+++ MATERIAL FOR THIS TASK
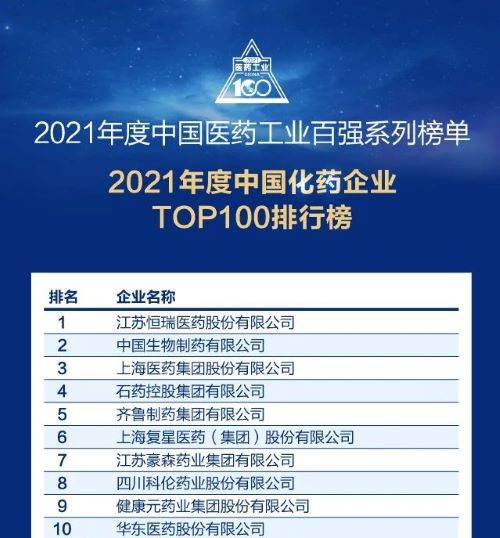 7月12日晚,正在举行的2022米思会(中国医药健康产业共生大会)上,发布了“2021年度中国医药工业百强系列榜单”。尊龙凯时国际医药以扎实的创新研发实力和稳健的市场运营能力,再次蝉联“中国化药企业TOP100排行榜”榜首。
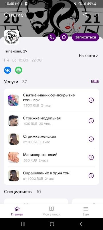 Официальное мобильное приложение салона красоты *СТИЛИСТ*
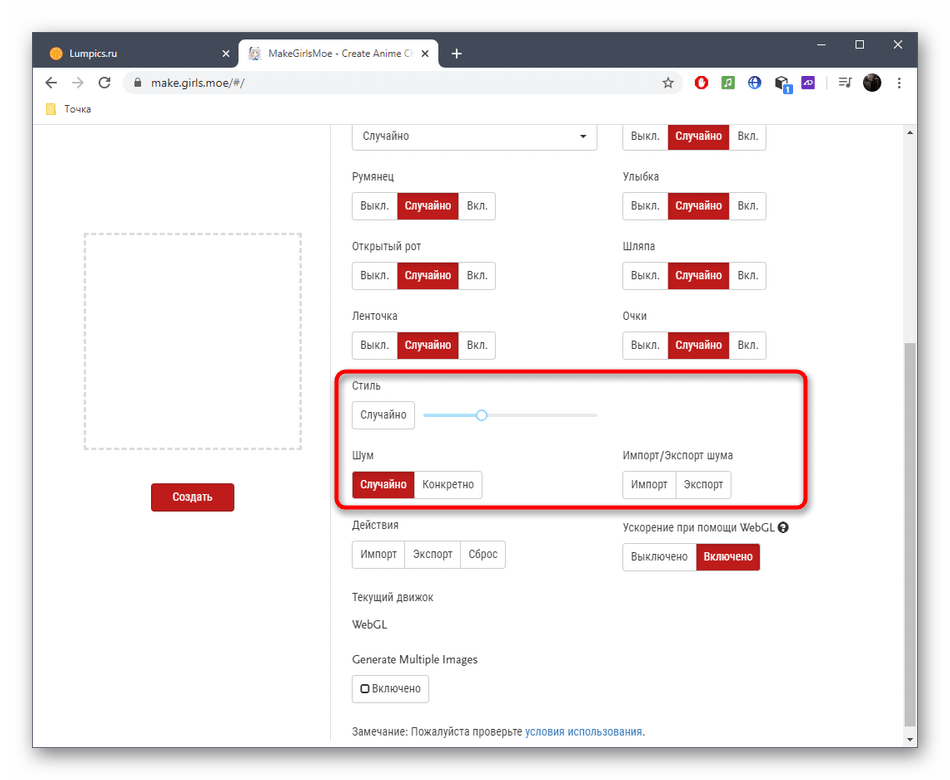 Стиль и шум — абсолютно случайные параметры, которые настраиваются по личным предпочтениям пользователя.
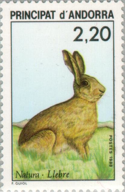 Visibility: public Image owner: none postage 7/2/1988 2.20fr multi issue=Nature protection 1988 unwmk perf=13 Crops No visible images cropped from this one. Measurements Resolution is unknown. Source Source name: Colnect File URL: http://i.colnect.net/b/142/082/European-Hare-Lepus-europaeus.jpg Uploaded September 4, 2014, 10:49 pm by Stan Shebs |
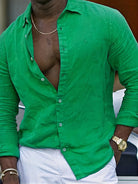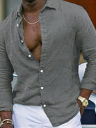 Heren Linnen Overhemd met Lange Mouwen | Deep V-Cut | Summer Luxe Look
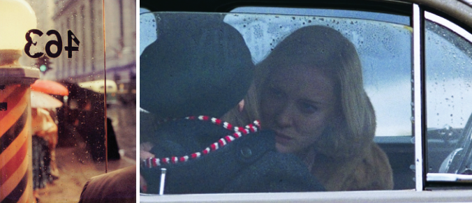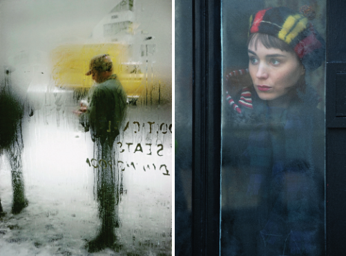 天氣元素之雨。左:索爾·雷特攝影作品;右:電影《卡羅爾》攝影師理查德·拉赫曼采用了一整套技術工藝,以獲得他設定的影像概念?!犊_爾》運用兩部ARRIFLEX?416拍攝,配合著35mm格式鏡頭,其中就包括一套Cooke?S2?Speed?Panchro鏡頭。Speed?Panchro鏡頭特殊的邊緣散焦效果,更有利于在框架構圖中凸顯拍攝主體,并且創(chuàng)造出一種肖像般的感覺。此外為了還原時代質感以及特殊的色彩分離效果,影片使用了多款柯達VISION3膠片。“膠片的色彩分離受到燈光膜和色溫的影響,與數(shù)字媒介的反應是不同的。膠片中的RGB層次,盡管微小,卻能夠創(chuàng)造出數(shù)字媒介所缺少的色彩深度感” ,攝影師這樣形容。影片最終獲得了2016年奧斯卡最佳攝影提名。影片《霓虹惡魔》(The Neon Demon,2016)講述了一個年輕女模特來到洛杉磯闖蕩時尚界的故事。《亡命駕駛》 (Drive,2011)的導演尼古拉斯·溫丁·雷弗恩(Nicolas?Winding?Refn)沿襲了他一貫的對于形式感的探索,影片并不著重構建復雜的敘事情節(jié),而是側重視聽語境的影像呈現(xiàn)。攝影師娜塔莎·布雷爾(Natasha?Braier)承認畫面深受時尚攝影師蓋·伯?。℅uy?Bourdin)和美國藝術家詹姆斯·特瑞爾(James?Turrell)作品的影響。
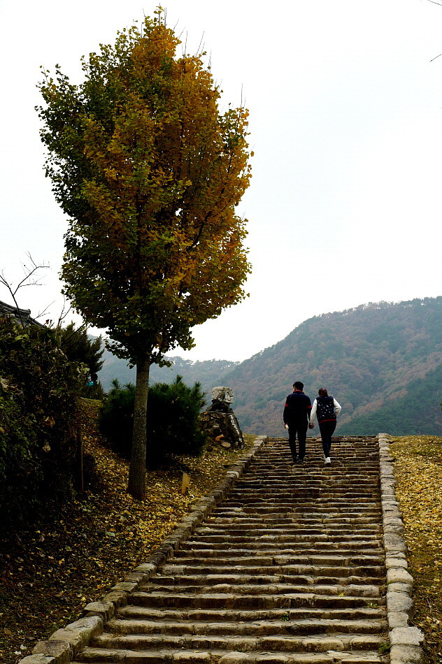 산막이옛길에서 손을 잡고 계단을 오르는 연인의 모습이 옆에 서있는 귀여운 나무와 묘한 조화를 이룬다.
++++++
Restate exactly, please, only the lines between the start of the data and the line containing "Стиль и шум", both ends included, skipping the pictures.

» SOLUTION BELOW
 7月12日晚,正在举行的2022米思会(中国医药健康产业共生大会)上,发布了“2021年度中国医药工业百强系列榜单”。尊龙凯时国际医药以扎实的创新研发实力和稳健的市场运营能力,再次蝉联“中国化药企业TOP100排行榜”榜首。
 Официальное мобильное приложение салона красоты *СТИЛИСТ*
 Стиль и шум — абсолютно случайные параметры, которые настраиваются по личным предпочтениям пользователя.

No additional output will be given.